As I said, the name 'Britain' has been around much, much longer than the name 'England'. Please read my post.

Cail - for your information, I have had many a conversation over a beer, in a pub, about this with many Scottish persons over the years - and far from 'beating me to a pulp' (a disappointingly knee-jerk reaction) they have generally agreed with me that it's being mistaken for English that is what annoys them, not British. (Oh - and where did I mention the Irish?)

I stand by my earlier post.

Posted: Wed Jan 17, 2007 9:16 pm
by Chuchichastli
..

Posted: Wed Jan 17, 2007 9:28 pm
by danlo
Sorry, I did reread your post. But still it was probably the English that decided to keep the name... :P

Posted: Wed Jan 17, 2007 9:43 pm
by Chuchichastli
:lol: that's OK Danlo, I expected some sort of reaction. My Welsh family have been spouting Celtic outrage in range of my impressionable ears ever since I was yea-high. I only dare approach this topic because I know people get it wrong.
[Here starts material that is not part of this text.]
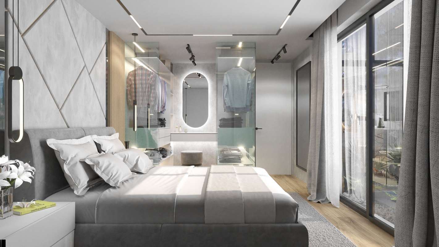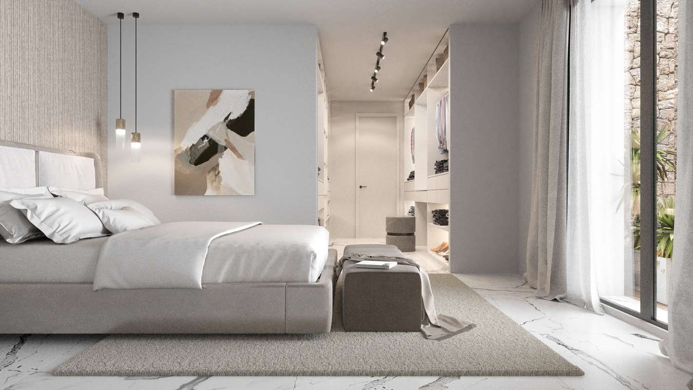 Inside, the villa continues to impress with refined interiors. The master suite includes a spacious walk-in closet, while the open-plan living room connects seamlessly with the dining area and modern kitchen. A cozy fireplace enhances the ambiance, and large sliding glass doors open fully onto the terrace, creating a fluid indoor-outdoor lifestyle.

My Welsh kin get more than a little cross when people think 'Britain' means 'England'. I worked in India and the Indians, understandably disgruntled (to say the least) about the history of 'British' colonial rule also made that mistake, thinking that Britain=England. Never mind that they (the Indians) had broken free of this colonial (English) rule, whereas the Scots and Welsh hadn't - and what's more, the Scots and Welsh were still being tarred with the same colonialist brush by ignorance (unlike the Irish). Never mind how many hundreds of thousands of the other British nations' people had fought and died for an empire they did not freely choose to be a part of. I understand the ire, believe me. I've understood it all my life. It's just misplaced when it's directed at the word 'British'.

That is the point I was trying to make. :D

On a lighter note - who remembers Monty Python? -
'What did the Romans ever do for us?'
:lol: :biggrin: . My Indian colleagues found that funny too!